We took what we hated and made it a part of us.

…BUT I DIDN’T SHOOT THE DEPUTY!
Columnist Chris Roper pinpoints it perfectly when he writes that the attitude of South Africans is: It’s only a crime if someone else is doing it. We all still tut when a taxi drives in the yellow lines, stops on a red line, and cuts through traffic like a hot spur through churned cream.

But slowly it’s getting to the point where we will all do these things. It’s not quite there yet, but at the rate we’re all starting to ignore the rules of the road and the rights of other perambulators it’s only a few years off.

Instead of following any shining examples that might be out there, we have decided to instead emulate the attitudes of the worst examples.

THE WILD WILD WEST(ERN CAPE)
We might as well have John Wayne and Clint Eastwood operating public transport.

Taxi drivers are the modern day cowboys as they tear through the streets like bandits escaping the cavalry, and so often are involved in turf wars that end in a shoot-out injuring more innocent bystanders than the grunting gunslingers.

I remember a firefight in the Nineties between two taxi factions outside Claremont train station that quickly became known as Gunfight at the OK Bazaar – at the OK Corral they kept livestock, but at the OK Bazaar you’ll only find jackets and shoes made from livestock.

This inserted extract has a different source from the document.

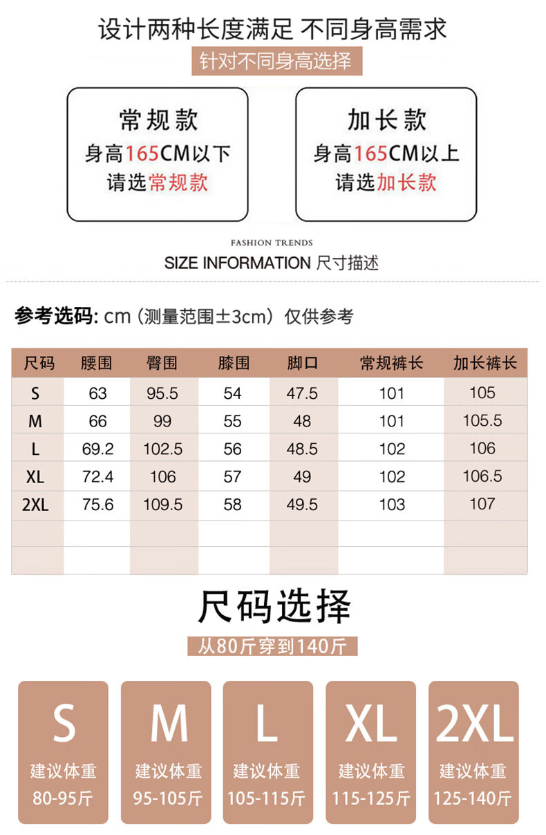 Outseam (cm) 99 cm 101.5 cm 104 cm 106.5 cm 109 cm
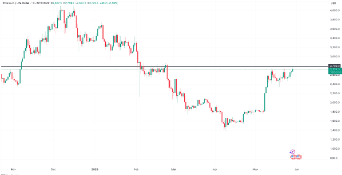 Ethereum (ETH) surged more than 4% over the past 24 hours to hit a three-month high of $2,789 on May 29, outperforming the broader crypto market. This bullish move follows a confirmed bull flag breakout on the daily chart, combined with record open interest in futures markets, rising funding rates, and strong inflows into spot Ethereum ETFs.

What we need is a sheriff. Maybe if we did away with all the fat, incompetent policemen and replaced them with one fearless, trigger happy vaquero he (or she) could round up these rabble-rousers and lock them up for good.

Personally, however, I’m not in favour of public lynching.

Or maybe the best thing would be for all of us to just obey the rules of the road and be thoughtful of others – stop talking on our cell phones while cutting people off, start using our indicators and stop racing to block the auto indicating into our lane, possibly let someone into traffic once in a while.

If we do this we’ll soon discover that the simple act of being nice makes us feel good. And we can save on big belt buckles and expensive shitkickers.